When it came to Ari’s surgery, I dreaded the rehab almost as much as I dreaded the surgery. I signed Ari up for Conductive Education summer camp, which was Monday-Friday for three hours every day for four weeks of our summer… in downtown Phoenix. The commute, leaving Gabe and Bella with their nanny and missing their summer vacation, having Liam out and about during his nap time, trying to get Ari to cooperate with PT for 15 hours and car rides for at least 8 hours a week… were all reasons that I just could not get excited about it. Well, all those things still happened, but guess what? It was worth it! It was so worth the inconvenience to see Ari go from being a floppy noodle post-op to retain nearly 90% of her pre-op strength. But this time, it’s real strength and not just her tone. She’s using her real muscles instead of her spasticity, and she is looking good!
At this point in time, Ari has regained the ability to sit independently in a chair or on the toilet without falling. She has also regained the ability to stand for short periods with support using her hands on a bar to hold her up. She is trying oh so hard to take steps on her own. The right leg is still pretty obstinate, but the left leg is doing so much to try and compensate for it. She is using her right hand much more now than she ever was before. Our amazing conductor, Bea, stressed the importance of Ari’s right hand functionality, stating how it was essential to her learning to walk using a walker.

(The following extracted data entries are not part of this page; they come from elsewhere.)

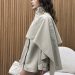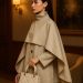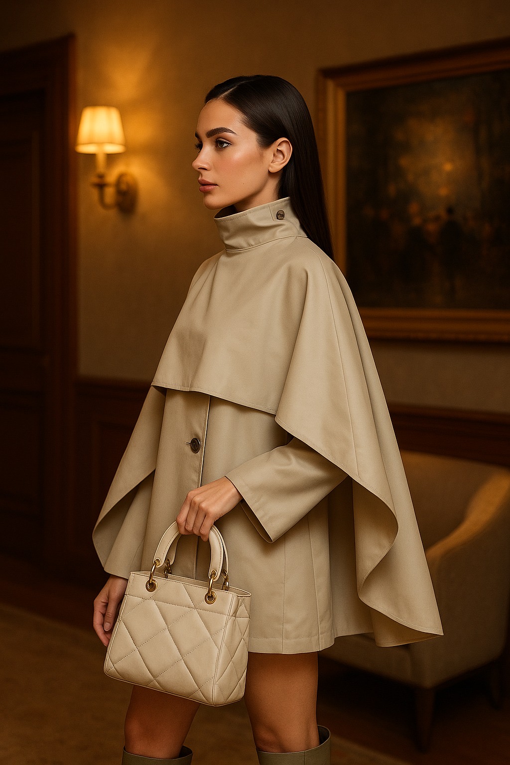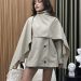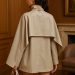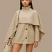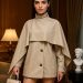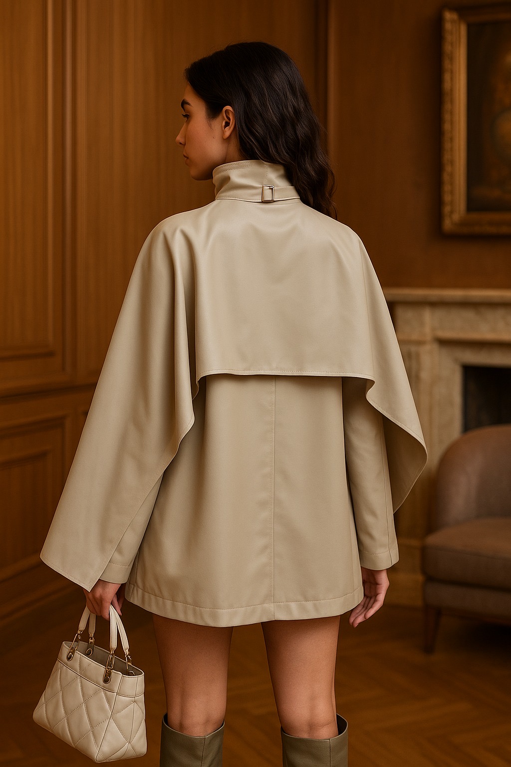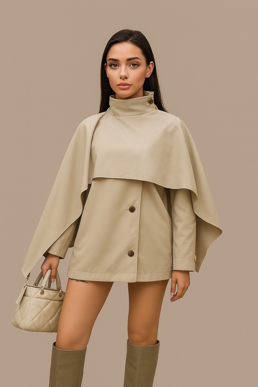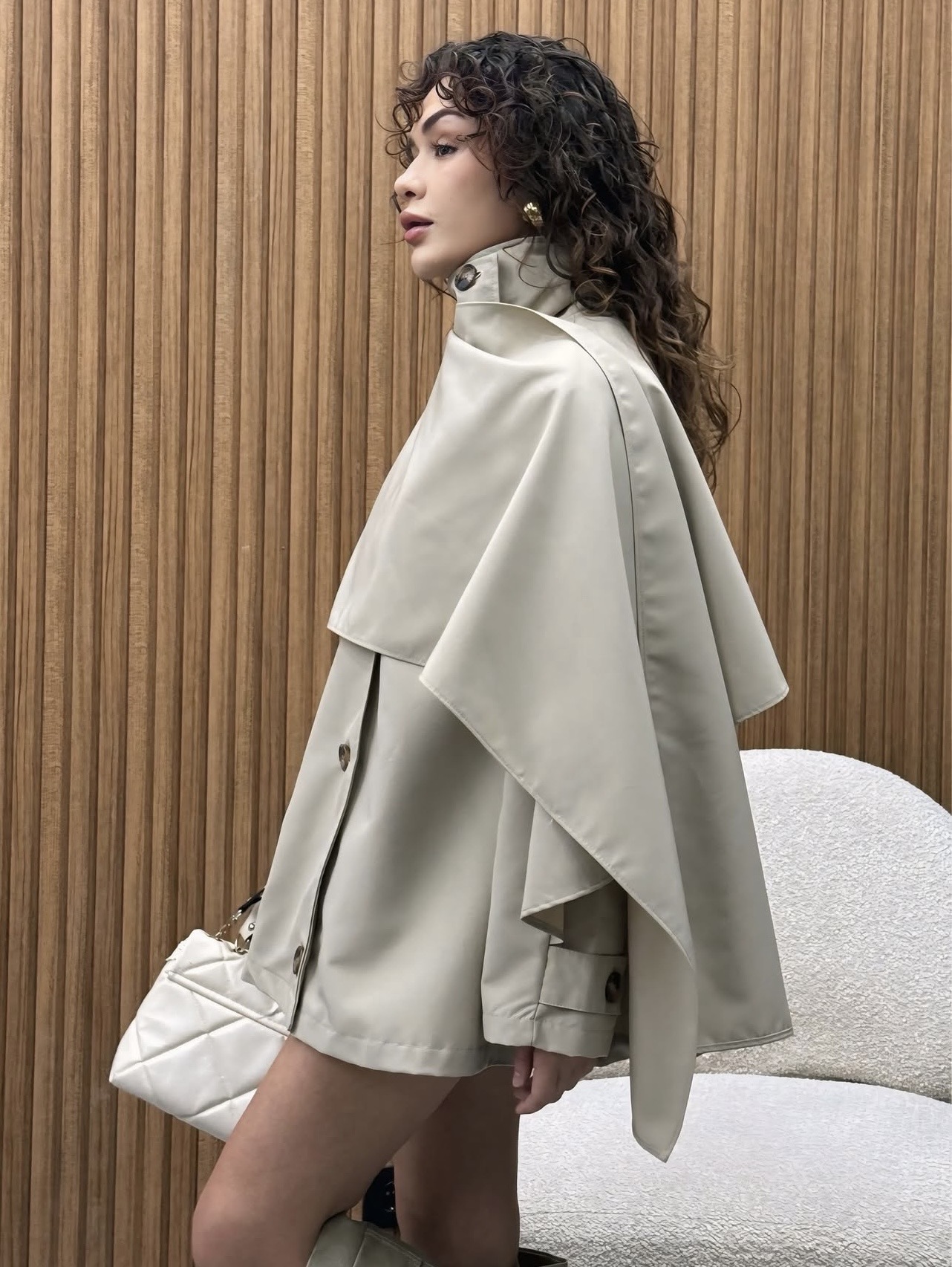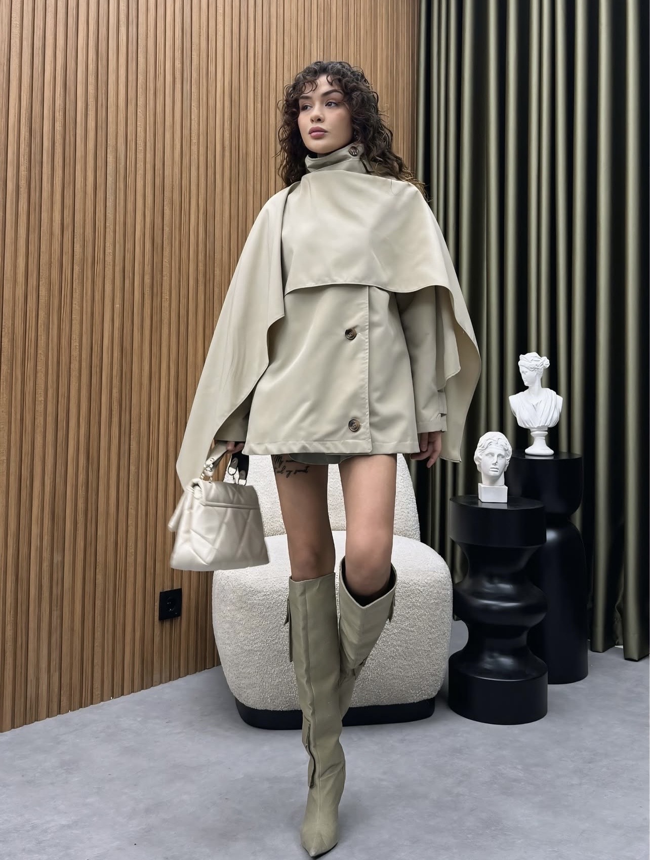 Modern ve zarif tasarımıyla dikkat çeken pelerin detaylı kısa ceket.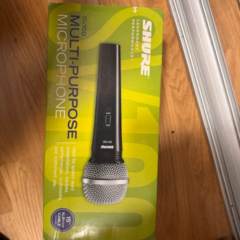 Shure SM58 mikrofon inklusive användarguide, mikrofonfodral och tillbehör. Mikrofonen är en dynamisk modell som ofta används för sång och tal. Produkten levereras med originalförpackning och tillbehör för förvaring och användning.
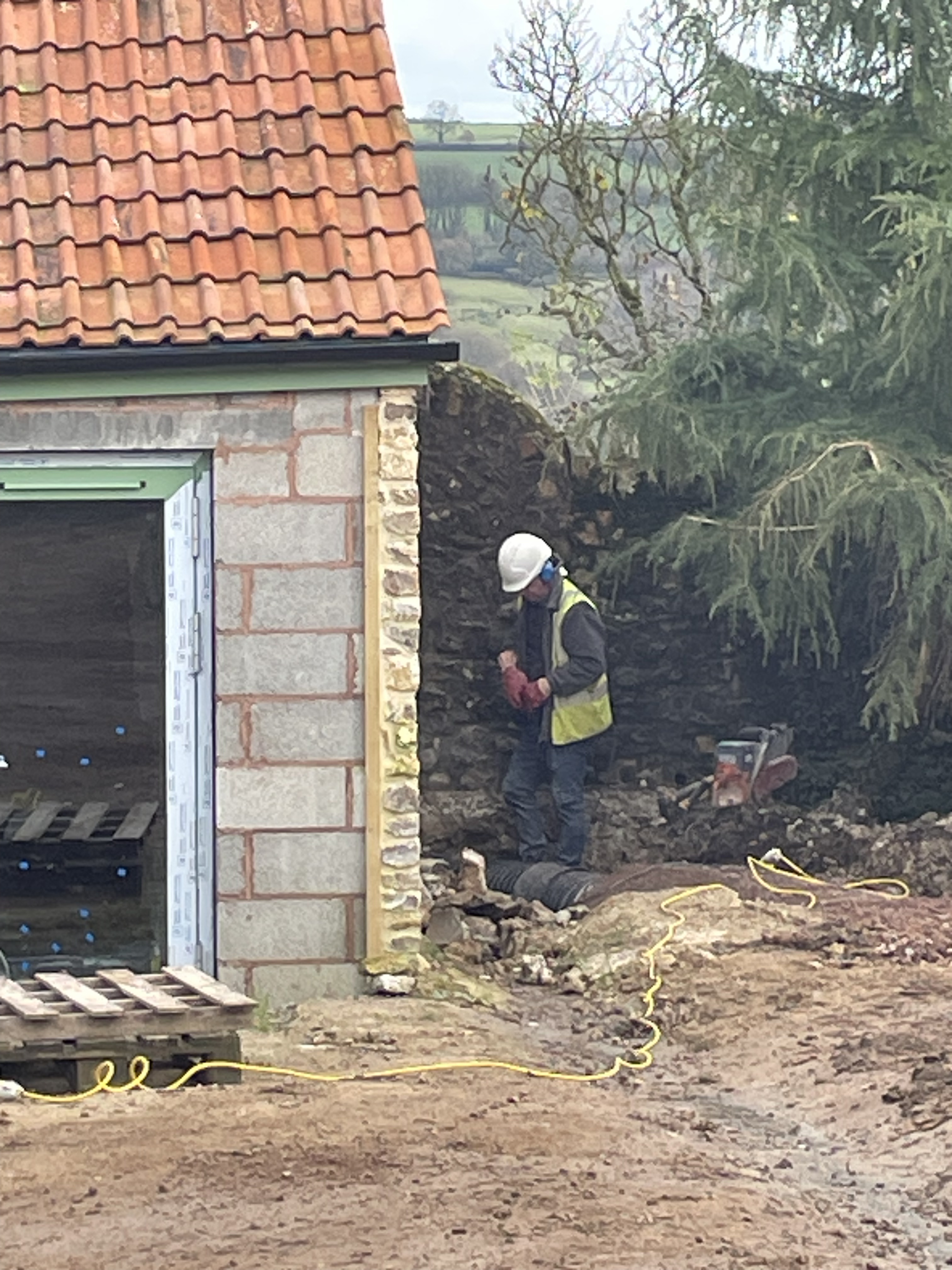 The other problem that’s come up this week is the plan for the external groundworks in the yard out the front of the properties. It feels like we’ve been talking about this for months but now we’ve got to crunch time as our builders need to start digging up the courtyard to finish putting the drains in. There’s a risk that in periods of heavy rain (especially downpours) that the rainwater coming down from the hill and around the side of our farmhouse is too much for the main culvert drain, so instead of flowing down between the gate and the shippon, it comes down into the courtyard and towards the properties. The difficulty is that the courtyard is already fairly sloping, so the preferable option of creating a downward slope in front of the properties and having a gulley in the middle of the courtyard would mean a much more dramatic slope on the courtyard coming down from the farmhouse. Not ideal given that’s where the parking is going to be. Our architect has gone away to draw up some cross-sections so it’s going to be interesting to see what they come back looking like.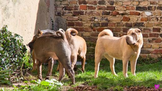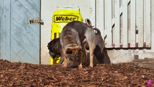 Nachdem die einwöchigen Bauarbeiten mit Bagger - Anschluss der Scheune, Kanalisation, Wasser, Heizung, Strom - abgeschlossen sind, was die Rotte mit großartiger Gelassenheit über sich ergehen lassen hat, mussten sie das "neue" Gelände, erst mal wieder erkunden. Und unsere Mauer ist auch weg, die bisher den Garten vom Hof abgetrennt hatte. Die Hunde und wir finden diesen jetzt vollkommen offenen Bereich ganz toll. Aber erst mal muss alles aufs gründlichste erschnüffelt werden :-)
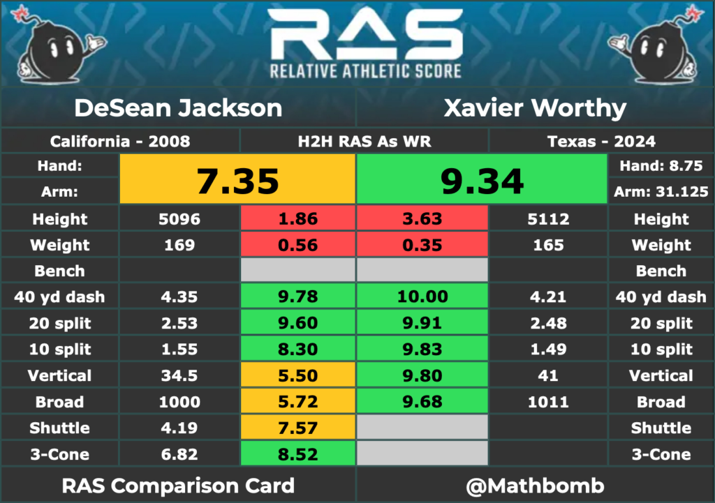 Not saying he will be DeSean but there are similarities. We know Worthy is fast. Here are his testing numbers vs. DeSean - similar except Xavier is faster and a bit more explosive.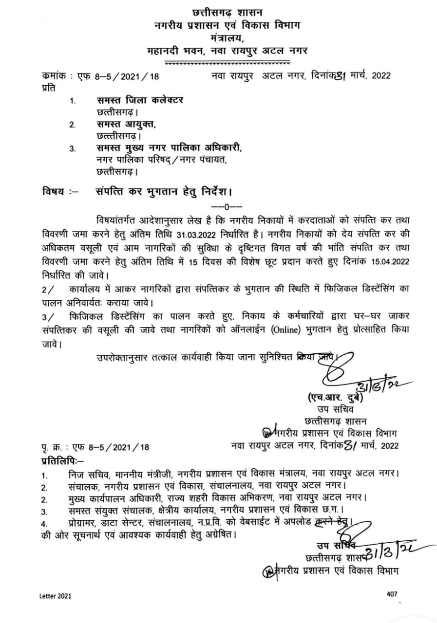 नगरीय निकायों में सम्पत्ति कर एवं विवरणी जमा करने  की अंतिम तिथि में 15 दिन की विशेष छूट दी गई।
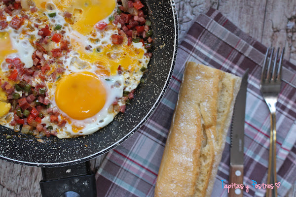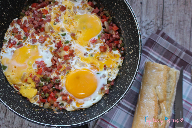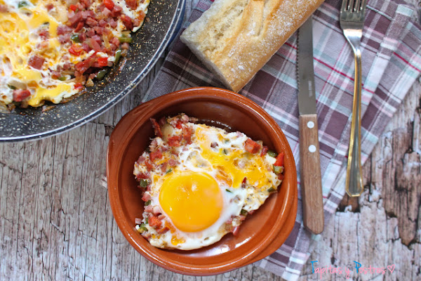 Al final tuve que decidirme por una y fueron estos huevos al plato. Un plato perfecto para disfrutarlo en familia, sencillo, rápido y económico. Los huevos al plato son una receta de las tradicionales que habitualmente se prepara en cazuela de barro y horno. Yo he seguido las indicaciones de la receta de Rosa y los he preparado en sartén. El resultado final es igual de rico.

She used reminders, elbow splints, handles at the table, toys, music, and anything else she could to get Ari in the habit of incorporating her right hand into the daily routine. Ari seemed tickled by all the attention to her oft neglected “rightie”.
If I were talking to a newbie, I would describe Conductive Ed as therapy boot camp. While its emphasis is gross motor, Ari also received OT, speech, and music therapies informally throughout the program. I love the equipment they use too… simple, ingenious pieces created to maximize function and benefit for the child without being cumbersome. They are also extremely affordable (I bought this therapy ladder for $35 for home!), convenient, and yes aesthetically pleasing! I don’t think I’m alone when I say that I am so tired of all the equipment resembling torture devises piling up in my living room. Not so welcoming. Now, this ladder is very discreet and not intimidating at all… it almost looks like furniture. I am so tired of feeling like, as a mom of a child with special needs, aesthetics should not matter at all to me. They still do! Most importantly, however, is that this ladder (and everything else) is so easy to use that I actually pull it out every day instead of once in a great while, which means Ari is improving lots because of it.
See this handle? It helps Ari sit up straight and use her right hand/arm. It only works with one of these slatted Conductive Ed tables (unless I drill two holes in my kitchen table), so it looks like I’ll be buying a table too pretty soon (for only $150 for a 6 ft table, why wouldn’t I?).
We also made some great new friends and connections while we were there. It is a sheer joy to talk with other moms living the same life. As far away as we may live, and as different as we may be in other ways, there is definitely an indescribable bond between us that is immediate and lasting. We share stories, ask questions, compare doctor’s notes, talk about new health findings, clinical trials, recent medical publications, great physicians, up-and-coming physicians, nightmarish physicians (cough cough Dr. Zozobrado), schools, IEP’s, caregivers, vehicle modifications, diet modifications, kitchen remodels and everything in between. We sit there together, trying to be secretary and executive assistant for our children (on the phone like mad scheduling appointments, coordinating everything and everyone in our child’s life from A to Z), but we get sucked into the very interesting conversation great feeling of “not alone” and we spent the hours talking/learning/healing with each other.
And while Conductive Ed may be over for now, we will be going back next summer. In the meantime, I will be taking Ari downtown (even further) to CRS Rehab for PT for one hour, three days a week, after school (read: there and back in rush hour with four exhausted small children). This, we’ve already been doing for a couple weeks, and it isn’t fun. In fact, it’s work… necessary work, but work nonetheless for everyone involved. There is no real joy in this, save it be for the knowledge that I am doing every thing I can to help my child recover physically from her surgery and reach her maximum physical potential. I also know that after just a few more weeks of this schedule, it will (hopefully) feel like second nature. I have always said that humans are so adaptable. I’ve seen this in my life and as a counselor to others. When necessity demands it, people can truly perform under some crazy conditions. At least, that’s what I keep telling myself :).